That’s how my first ever counsellor used to refer to my parents’ house. After I’d realized that, contrary to Enid Blyton’s (not-so-) nurturing voice in my ear as I was growing up, it can be that your parents don’t always do what is best for you -it’s more about what they think is best for you, or what’s best for them, and that’s not the same thing.
She used to describe them as being aboard this ship, with their host of problems, not least an ailing marriage, and that I could, contrary to their wishes, cut myself adrift, if I so desired. Theirs weren’t my problems to solve, however much my mother claimed different.
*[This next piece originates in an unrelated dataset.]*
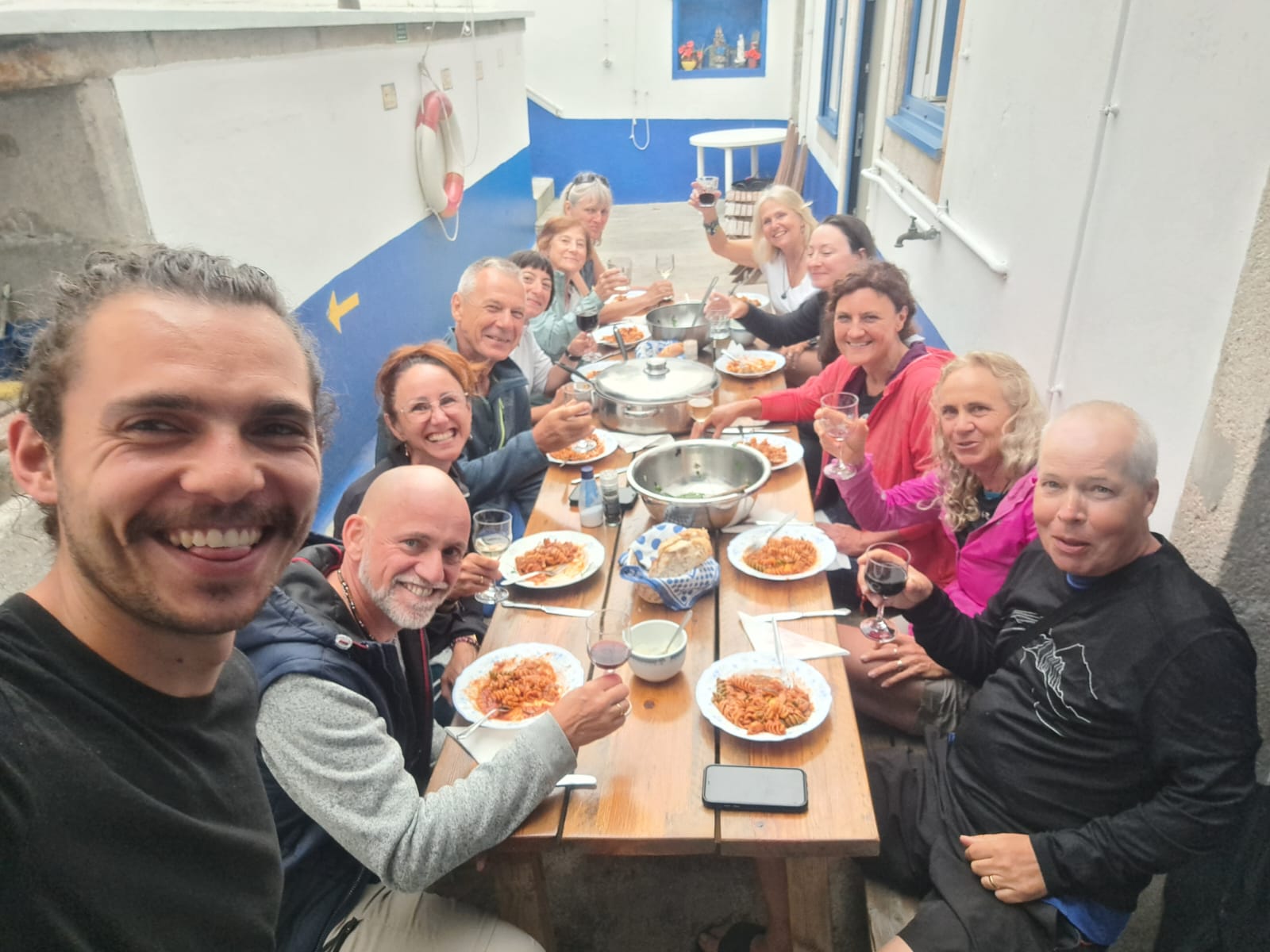 It was a great location and a nice hostel but just after we arrived the weather broke and there was a torrential thunderstorm. We were trapped in the hostel. We did not have any food for dinner. Breakfast was included and at one point we thought we would be eating breakfast for dinner. The storm eventually settled, and we found an open restaurant. To be honest it was not very good but it was food and the wine was cheap. Wine in Portugal and Spain is very cheap! So we celebrated our last night in Portugal with a glass.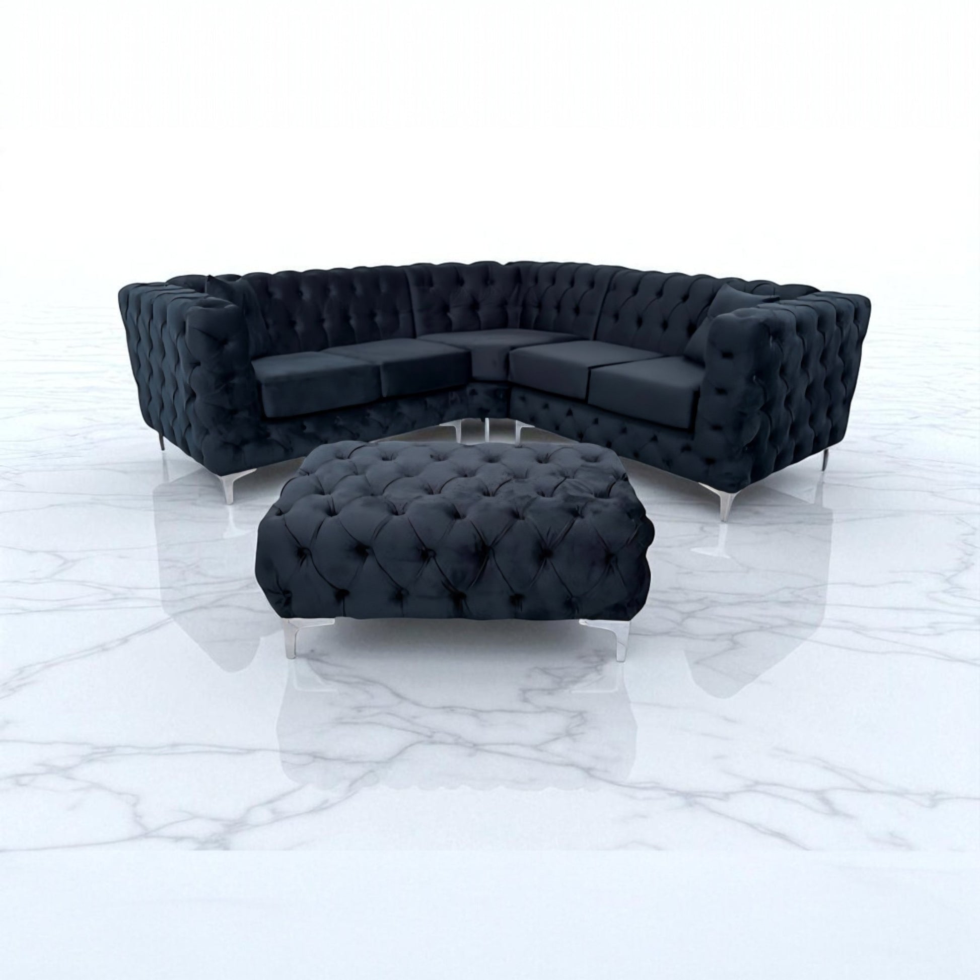 The Rocky Chesterfield Corner Sofa is a luxurious and stylish piece of furniture made with a black velvet body and seats, and upholstered in plush velvet fabric. It is finished with either gold or chrome high legs, and comes with a choice of plain matching buttons or diamonte buttons. The sofa is made with reflex foam seats for excellent support and comfort. The sofa is available in four sizes:

Now, nearly ten years later, my brother, mother, and I have left. And my brother seems to be doing OK, and my mother is decidedly happy, and doing OK. And my father is happy enough in his own way – the house – still not sold – stands as the only miserable remains of HMS Hopeless.
My life-rafts since then, have struggled to stay afloat. I did build one, just after I stopped working with that counsellor, and fought hard to sever the ropes binding it to the ship – taking jobs ever further North from its astutely polished, but nevertheless, rotten, decks. But the raft kept leaking, whenever the slightest thing disturbed it.
And now it’s so bashed about – and the rest of my family’s so well-put-together, that I am wondering, as they go their separate ways, why I am bothering to try to hold things together. Every time I think I’ve rebuilt it, stronger, another wave assaults it, and blasts it to pieces. The life-jacket’s turned to iron. Iron that drags me down daily, as I fight and scream against it. Only a few leaky barrels remain.
And I’m so tired. Tired, yet I can barely sleep. Flat. Exhausted after a week – five days – back at work. Fighting the memories that wall bars, and ropes, and wooden benches in school halls recreate. Trying to shut the door on recollections of not having (had) a best friend.
Miss, what’s your best friend’s name?
I might have left HMS Hopeless. But the boat I’m aboard isn’t much better, and it’s a struggle sailing it. While the others get on with their lives away from the ship, I seem to be stuck by an anchor to the same stretch of ocean that it’s in – ten years later, I’m still capsizing, in its sea of shadows. Ten years is a long time. How much longer?